What are the consequences of the issues you've found, in practical terms? Presumably they 1) make it more time-consuming (and thus more expensive) to fix bugs in those areas of the application, and 2) they make it more time-consuming to add new functionality to the application. (there may be more points, of course, depending on the issues you've found, and the codebase and application in general)
How much more time-consuming? If you can't quantify it, how do you expect them to buy your argument?
Duplicated code might, in grossly simplified terms mean that every bugfix takes twice as long (because they have to be fixed in two places, and in each, you need to test to make sure your fix didn't break anything). Code which isn't sufficiently general may have to be rewritten when new features are added, and that introduces a risk of breaking everything around it. How much will that cost?

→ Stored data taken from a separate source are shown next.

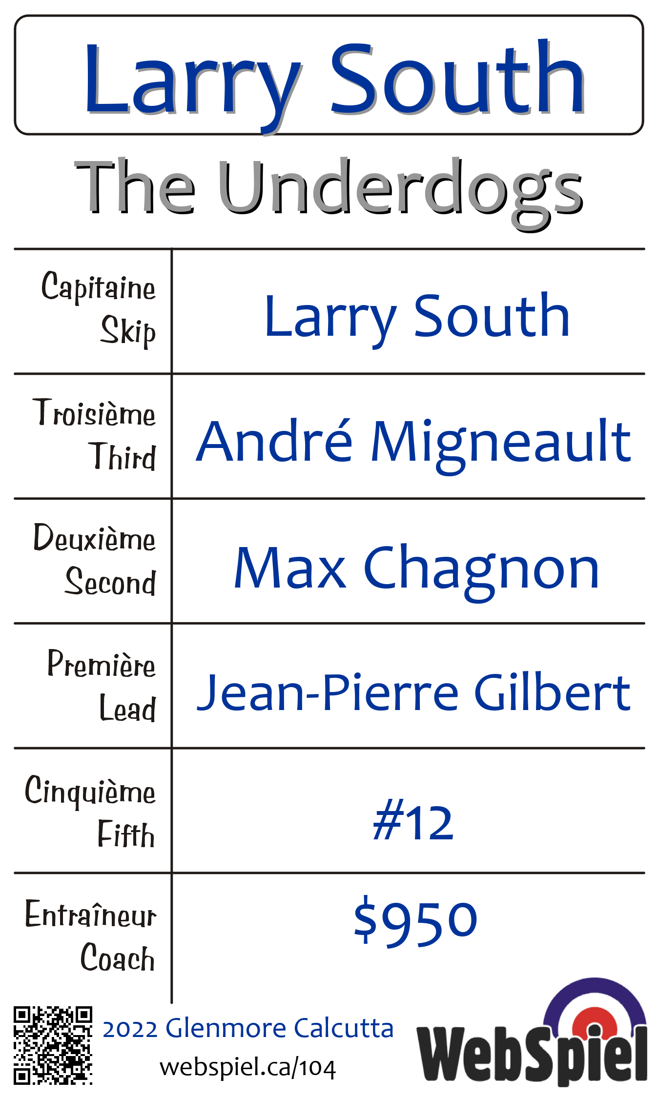 | Équipe | 10 - Larry South |
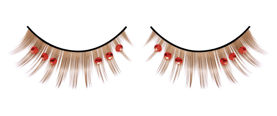 Ресницы выполнены из качественных материалов. Коричневый цвет волокон выглядит насыщенно, но при этом естественно, хорошо сочетаясь с различными оттенками теней и подводки. Красные декоративные элементы надёжно закреплены. Используйте прилагающийся клей для фиксации, следуя стандартной технике нанесения накладных ресниц. Помните, что данный товар предназначен для взрослых и относится к категории beauty-аксессуаров для создания особых, выразительных образов.
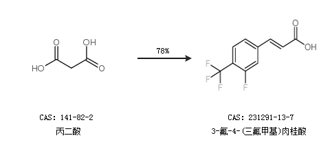 1.通过丙二酸合成3-氟-4-(三氟甲基)肉桂酸,收率约78%;
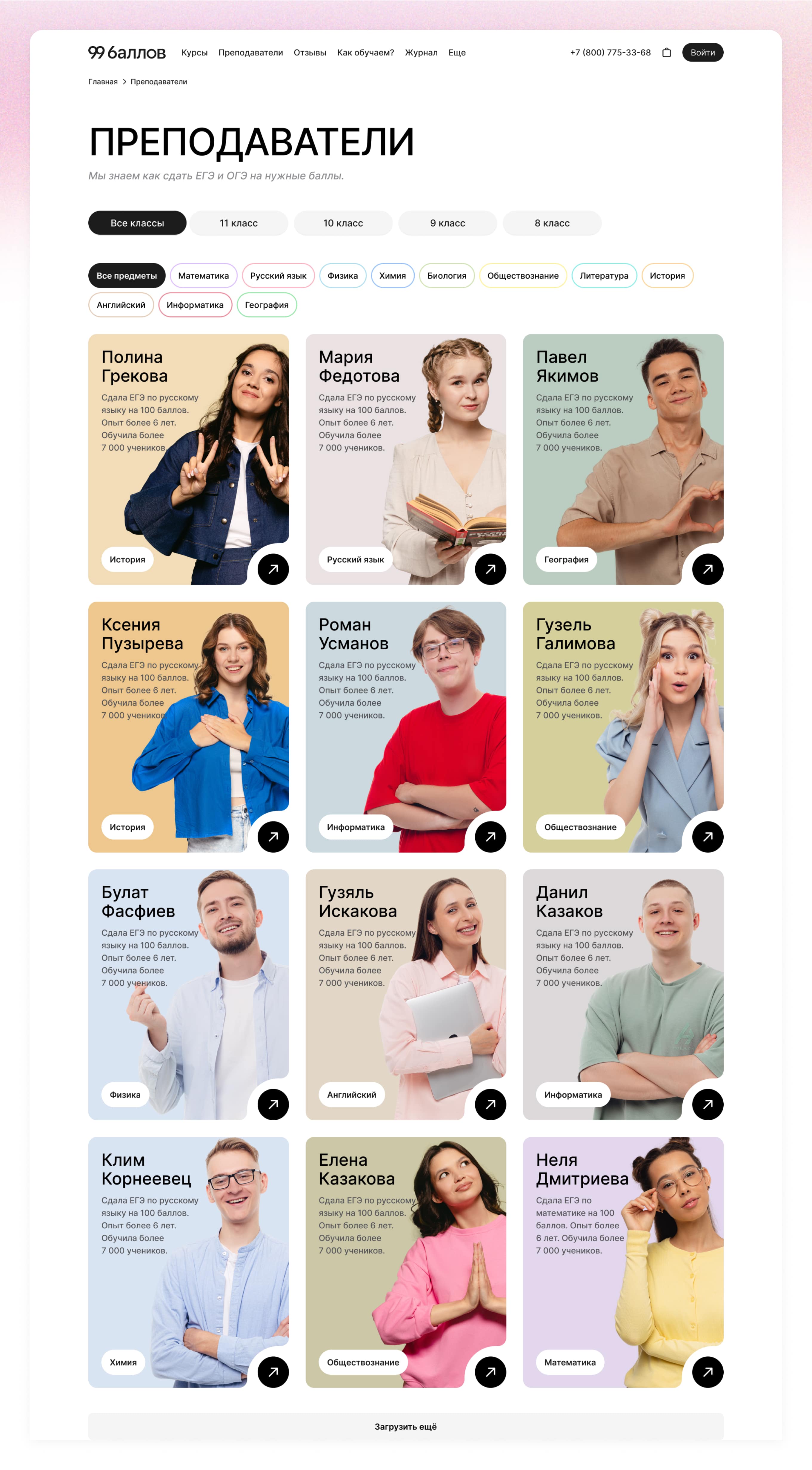 Страница всех преподавателей – одна из самых важных страниц сайта. Нам было важно показать, что 99 баллов – инновационная школа и страница должна выглядеть ярко и стильно.

My best suggestion is going to be to try to put numbers on how much these issues are going to cost down the line. Of course you can't make an accurate estimate, but you're definitely better qualified to come up with a rough guess than your audience is. So that's what you have to do.
Otherwise, you're just asking them to follow your hunch, your irrational instinct. While we'd say your instinct is probably right, it's going to be a hard sell to a non-technical audience. They're likely to say that "if even the programmer can't say how much it'll cost us in the long run if we don't fix these issues, how do we know they're issues at all?"
You might be able to do this by setting up simple scenarios ("Let's say we ignore these issues for now, and at some point after release, a critical bug in component X is found. Because of the messy code we never got around to fixing when we had the chance, this component is now intertwined with components Y and Z, so a fix will have to be tested against this much larger chunk of code to ensure it didn't break existing functionality. This'll take so many days every time a bug in this component is discovered, which could have been reduced to that many days if we fix this issue up front".), or by pulling in generally available statistics (how long does it take to fix bugs in clean vs. messy codebases? Did it pay off for other teams to clean up code smell early?